For an investment firm perspective, Consus’s mission would likely center on enhancing transparency and accessibility of government data, supporting sectors such as public administration, legal tech, and civic technology. Its investment philosophy might emphasize backing technologies that improve government data usability and trustworthiness. The key sectors impacted include government services, legal compliance, and data analytics. Consus influences the startup ecosystem by enabling startups and enterprises to build applications and services on a foundation of verified government documents, reducing friction in regulatory compliance and public sector data usage.
From a portfolio company perspective, Consus builds a document management and verification platform that serves government agencies, legal professionals, researchers, and businesses requiring verified government documents. It solves the problem of fragmented, inconsistent, or hard-to-access government records by providing a unified, trustworthy source. Growth momentum would be driven by increasing demand for digital government transparency, regulatory compliance, and data-driven decision-making.
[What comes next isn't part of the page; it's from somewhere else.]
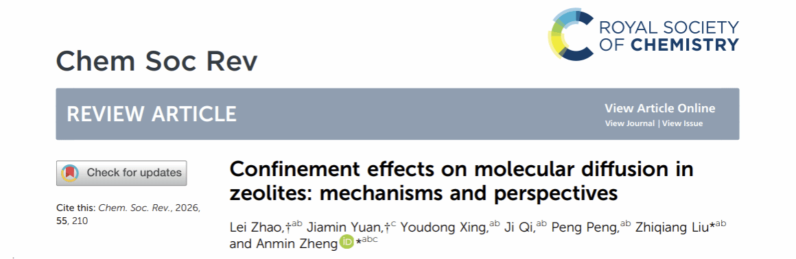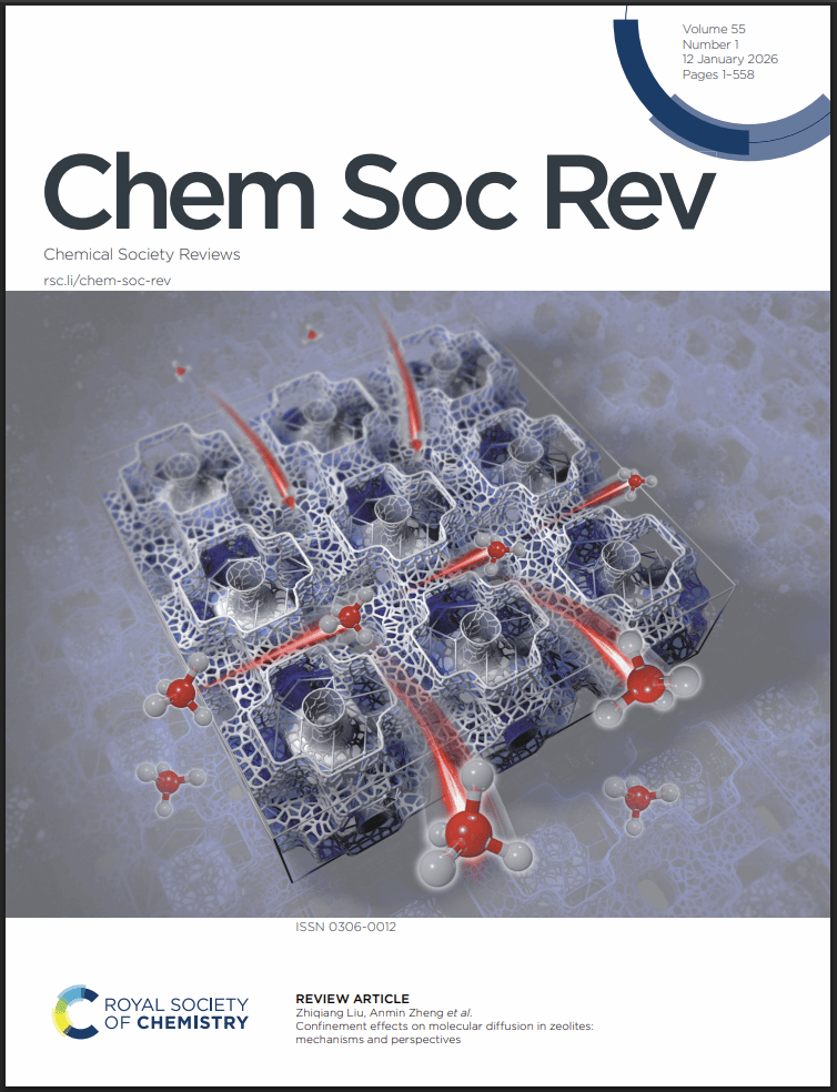 武科大网讯(通讯员李江江) 近日,太阳官网核磁共振与分子科学交叉研究院/化学与化工学院郑安民、刘志强教授团队在《Chemical Society Reviews》发表了题为“Confinement effects on molecular diffusion in zeolites: mechanisms and perspectives”的文章(Chem. Soc. Rev.,2026, 55, 210-253),并入选为封面文章,针对分子筛纳米孔道内限域扩散的微观机制进行了介绍。论文通讯作者为太阳官网教授刘志强、郑安民,学校为论文第一单位。

While specific founding details of Consus are not provided in the search results, companies in this space typically emerge from the founders’ experiences with the challenges of accessing and verifying government documents. The idea often arises from recognizing inefficiencies in government data dissemination and the need for a centralized, reliable platform. Early traction may come from partnerships with government agencies or pilot projects demonstrating improved document accessibility and trust.
Consus rides the growing trend of digital government transformation and open data initiatives, where governments worldwide are digitizing records and making data more accessible. The timing is critical as regulatory environments become more complex and demand for transparency increases. Market forces such as increased public scrutiny, legal compliance requirements, and the rise of civic tech startups favor platforms like Consus. By providing a reliable source of government documents, Consus influences the broader ecosystem by enabling innovation in legal tech, compliance software, and public sector analytics.
Looking ahead, Consus is poised to expand its document coverage, enhance AI-driven search and verification features, and deepen integrations with government and private sector platforms. Trends shaping its journey include increasing government digitization, AI-powered data validation, and growing demand for transparency and compliance tools. Its influence may evolve from a document repository to a critical infrastructure component underpinning government data ecosystems and regulatory technology solutions.
In summary, Consus stands as a pivotal platform addressing the critical need for a single, trustworthy source of government documents, enabling better access, verification, and use of official data in an increasingly digital and regulated world.